Recently, I’ve found some precious time in between studying for 17 credit-hours of courses to make progress towards my next project: a Quadrupedal Robot. This project is, of course, highly inspired by the work of Boston Dynamics on Spot, MIT on MiniCheetah (who I have the pleasure of working with at UM), and last but not least, my good friend Adham Elarabawy’s work on Open Quadruped with Maurice Rahme. Go check out their work! At the time of writing, Adham is at Berkeley and Maurice at Boston Dynamics, and they will both go on to do many more impressive things, I’m sure.


There are some high level and low level goals, short term and long term goals, and perhaps even longer term goals reaching far into the future (this is a fun albeit expensive hobby to maintain).


Some high level goals for this first iteration include:

  • BOM cost of <$800
  • Easily machinable/manufacturable custom components
  • Easily sourceable commercial-off-the-shelf components


I’m starting out small scale with some 20KG RC car hobby servos for rudimentary pose acquisition and gait generation. The most obvious downsides would have to be the pitiful resolution and accuracy that comes with hobbyist servo motors, and implementing velocity control or even force control for more complex motion planning is non-trivial. Though, currently, I’m pretty happy with the scope of this project. In the future, this project can also serve as a platform for other explorations involving CV, SLAM, motion planning, sensor fusion with kalman filters, etc. On the hardware side, I might become interested in developing custom brushless motor technology. I have a decent idea of where I want to take this project in the immediate future. But who knows where this project will take me?

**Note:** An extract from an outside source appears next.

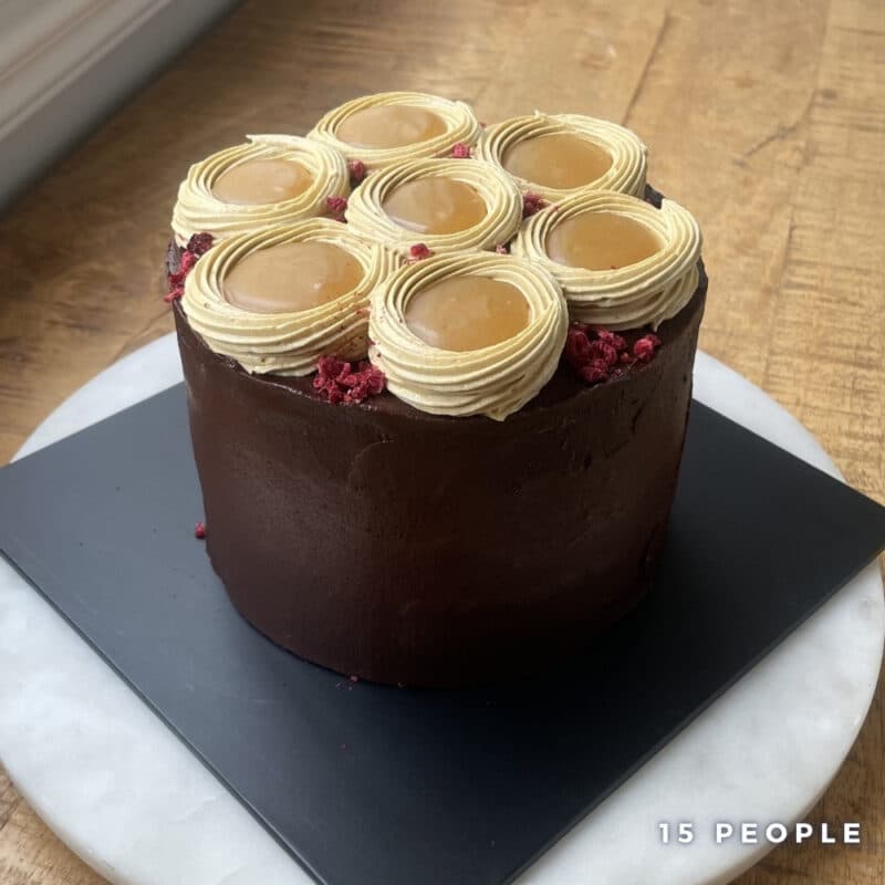 A rich and indulgent three layered chocolate cake layered with house-made caramel, smooth ganache and a light caramel cream, delivering a deeper, more caramel-forward sweetness than our classic cakes.

The first step was to solve for the inverse kinematics and also to visually verify it in a custom visualization pipeline. The former has been done for a while now, actually since before winter break.


And I recently got around the the latter. I have been looking around for python visualization modules for quite some time, since I was getting tired of how slow matplotlib is for 3D visualizations. It’s made to look presentable for research paper graphics, but it’s not necessarily built with real-time performance in mind. I’ve finally found one that I’m pretty happy with: pyqtgraph. It appears to be an impressively robust 2d and 3d visualization module that uses OpenGL for fast object rendering, and is built with a choice of either Qt or PySide as a GUI backend.


Next I needed to develop a user input scheme for both the final robot and the visualization. On this front I had quite a few options. I steered away from the keyboard or any kind of binary-state input since I wanted a little bit more ganularity. For this, I opted for a PS4 controller. Going down this path led me to the discovery of a whole world involving the /dev/input directory. The /dev/input directory in Linux is a must-know for pretty much anything involving device I/O. The directory can contain device files for various input devices such as mice, keyboards, joysticks and so on. If you “open” a device file, you’ll receive streams of binary data, which correspond to events on the device, such as button presses or thumbstick state changes.


After decoding this data stream for a PS4 controller, you have the ability to create callbacks to run a block of code after a specified event, allowing you to map PS4 controls to robot controls.


While I was developing my visualization, I realized that I had a problem. I had two loops that I wanted to run: 1) the pyqtgraph loop which updates the visualization state, 2) the PS4 loop that reads the PS4 input data stream and updates robot state variables. This is the problem that introduced me to the wonders of threaded programs.